Trouvère, c’est le métier que l’enfant aimerait faire. Il le dit à son professeur principal, à la réunion d‘orientation. « Moi, plus tard, j’aimerais être Trouvère ». Problème, dans le dossier de documentation, cette profession-là n’est pas mentionnée. L’enfant demande comment faire. Le professeur principal ne peut retenir un superbe éclat de rire. Puis, reprenant son sérieux, il s'exclame : « Cherchez pas, Trouvère, vous ne trouverez pas ! ça n’existe pas, ça n’existe plus. On n’en a pas besoin dans la société d’aujourd’hui ! »

L’enfant est déçu. Il se dit que ce n’est pas bien de décevoir un élève qui veut être Trouvère. 

Il maintient son choix. En silence, dans sa tête. Pour lui seul. Il redouble. D’efforts. Dans l’étude solitaire de la maîtrise de l’art des rythmes et des rimes. 

Le titre de son premier poème, ce sera « Ma Dame », tout simplement. Mais en deux mots. A la manière d’un Chevalier parti pour la Croisade.

 

                  Ma Dame

 

       Souvent la nuit je m’éveille

       Cherchant en vain le sommeil

       Je pense.
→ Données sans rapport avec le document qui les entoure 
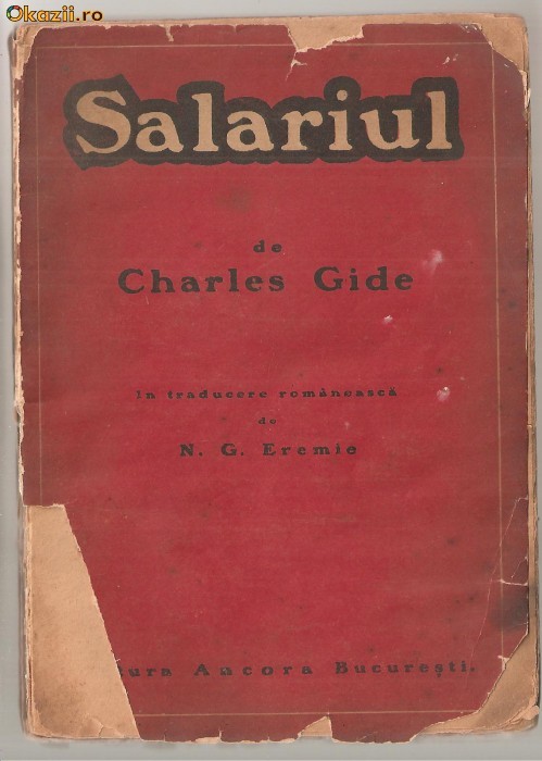 (C1179) SALARIUL DE CHARLES GIDE, EDITURA ANCORA, BUCURESTI, 1923, TRADUCERE DE N. G. EREMIE

Je pense à vous Ma Dame

       Je vous devine près de la flamme

       Dans votre château vous chauffant

       Tandis qu’au dehors souffle le vent. 

 

Il y a deux autres strophes, une où l’enfant fait rimer songe avec mensonge, et la dernière, la plus belle, celle où il dit « En vain, mon coeur vous appelle », mais l’enfant ne les retrouve plus. Deux strophes perdues. D’un trouvère inconnu.